Vietnam was a part of colonial French Indochina, up til WW II. Ho Chi Minh led a rebellion against the French rulers from the end of WW II up until victory over the French at Diembienphu in 1954.
With the French withdrawal, the U.N. split the country in 1954, into North Vietnam and South Vietnam.
At that point the plan was to make South Vietnam into a model of democracy, that would turn North Vietnam away from communism and Ho Chi Minh.
The French, predictably, under DeGaulle's leadership, was refusing to join NATO.
By the mid-50's, every other economy in Europe had recovered from WW II, except France, because of the cost of the war France was waging in Vietnam.
To gain France's cooperation in NATO, the U.S. began providing economic aid to South Vietnam.
The U.S. wanted to eliminate the corruption and inequality it saw in the South Vietnamese government, particularly its French-picked government leader, Ngo Dinh Diem, who was educated in French schools and was completely out of touch with the Vietnamese people.
Virtually all the foreign aid the U.S. provided went to the corrupt South Vietnamese elite, very little filtered down to assist the poor, when the poor protested, they were imprisoned and/or shot by the French-apointed Diem government.
Having no connection or authority to appeal to in the South Vietnamese government, the discontented and opressed people in South Vietnam began to turn to Ho Chi Minh in North Vietnam for assistance and leadership. They became the South Vietnamese resistance, or the Vietminh (later called the Vietcong).
The U.S. started providing economic aid, but at French insistence, Diem could not be replaced.
Around 1960, the U.S. sent the first military advisors. to South Vietnam.
U.S. military presence increased gradually from that point. Diem was assassinated by South Vietnamese resistance in 1963.
Beyond that, the U.S. became too committed militarily, and whether out of real belief in resisting communism, or just the lack of a face-saving way to withdraw, we were sucked in all the way.
In some way I can't recall, France disappeared from the picture in 1963 (probably because the corrupt government under Diem it appointed had utterly failed).

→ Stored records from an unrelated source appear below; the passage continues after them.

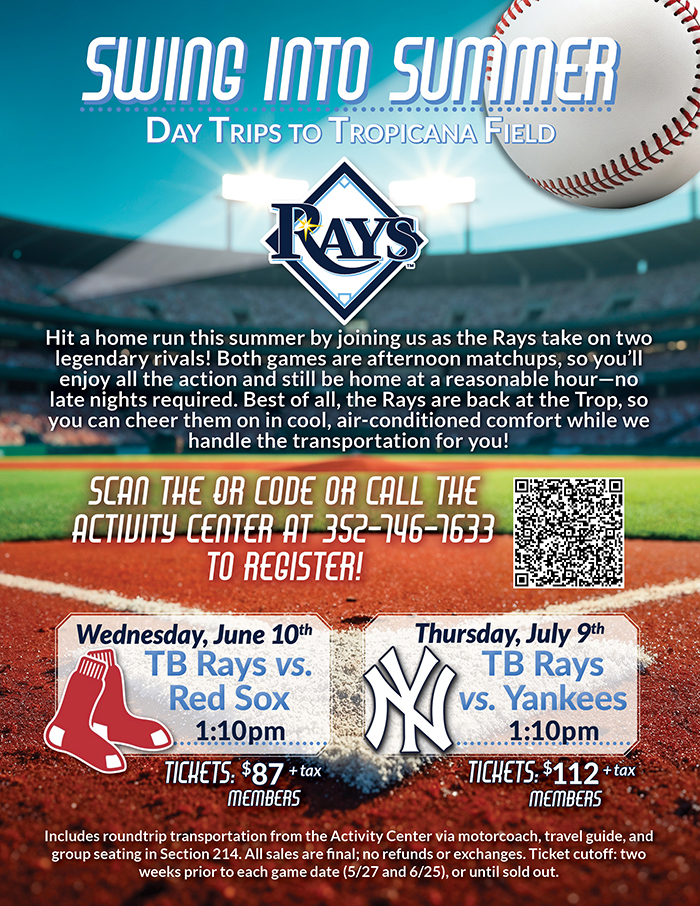 Home Events - Citrus Hills Swing into Summer: Day Trip to Tropicana Field, Tampa Bay Rays vs. Boston Red Sox Swing into Summer: Day Trip to Tropicana Field, Tampa Bay Rays vs. Boston Red Sox + Add to Google Calendar + iCal / Outlook export Date June 10 Time 1:00 pm - 4:00 pm More Info Purchase Tickets Location Activity Center Activity Center Category Social EventsTravel Events Purchase Tickets Share this event
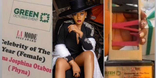BBNaija ‘Level Up’ winner, Phyna is riding high on a wave of excitement and gratitude after being bestowed with the coveted title of “Celebrity of the Year” at the prestigious La Mode Green October event.
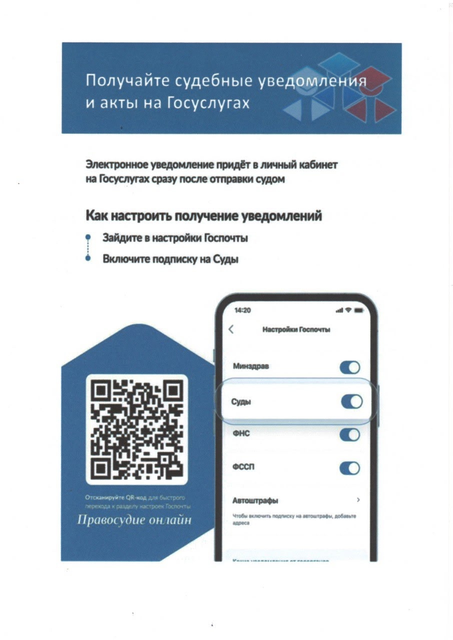 Получайте судебные уведомления и акты на Госуслугах Приказом Судебного департамента при Верховном Суде РФ от 25.07.2025 г. № 118 в Инструкцию по судебному делопроизводству в районном суде, утверждённую приказом Судебного департамента от 29.04.2003 г. № 36 внесены изменения, которыми в целях реализации положений ГПК РФ, КАС РФ, УПК РФ, КоАП РФ предусмотрена возможность направления работниками аппарата суда: ● участникам судопроизводства судебных уведомлений (судебных извещений, копий судебных актов) в электронном виде посредством Единого портала государственных услуг (ЕПГУ) с использованием государственной электронной почтовой системы (ГЭПС); ● Доставка судебных уведомлений (судебных извещений, копий судебных актов) осуществляется в личный кабинет физического лица, индивидуального предпринимателя, юридического лица на портал «Госуслуги» (ЕПГУ) исключительно при наличии согласия адресата на получение судебных уведомлений, выраженного в форме простановки соответствующей отметки в настройках личного кабинета на ЕПГУ. Инструкция по включению согласия на получение судебных уведомлений на Едином портале государственных услуг (доступ с компьютера) 1. Зайти на Портал Госуслуг, перейти в «Меню пользователя» и открыть раздел «Уведомления». 2. Нажать на 3 вертикальные точки и выбрать «Настройки». 3. Перейти в раздел «Госпочта», найти параметр «Суды» и включить получение уведомлений. Инструкция по включению согласия на получение судебных уведомлений на Едином портале государственных услуг (в мобильном приложении Госуслуги) 1. Открыть мобильное приложение и выбрать раздел «Профиль» 2. В разделе «Профиль» открыть вкладку «Настройка Госпочты» 3. Выбрать параметр «Суды» и включить получение уведомлений.
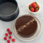 Product image 4 of 6: chocolate cake with nuts plated next to 7in springform pan

U.S. involvement went full-scale in August 1964, with the Gulf of Tonkin Resolution (when a U.S. Naval ship was allegedly fired on in the Vietnamese Gulf of Tonkin, but it was during a storm, there was no damage, and it may have been a manufactured incident, or a simply a poorly trained radar operator aboard the naval ship allegedly attacked, who may have misread the thrashing of the storm as incoming artillery).
Lyndon Johnson escalated the war.
Richard Nixon promised peace in the 1968 election, then expanded the war into Laos and Cambodia (bombing countries we weren't even legally at war with, to try and stop arms supplies from reaching South Vietnam through the "Ho Chi Minh Trail" where the North Vietnamese were smuglling supplies to the VietCong along the borders of Laos and Cambodia).
Richard Nixon finally, under protest pressure, began withdrawal of U.S. troops from South Vietnam in 1973. The last U.S. troops left when Saigan fell in 1975.
From 1964 forward, the U.S. is fully responsible for what happened. But it was France who dragged us there in the first place.
(I have this weird urge to make this comic book related and start talking about Jim Starlin's Vietnam allegory in "Metamorphosis Odyssey" in EPIC ILLUSTRATED 1-9, to somehow make this comic book related.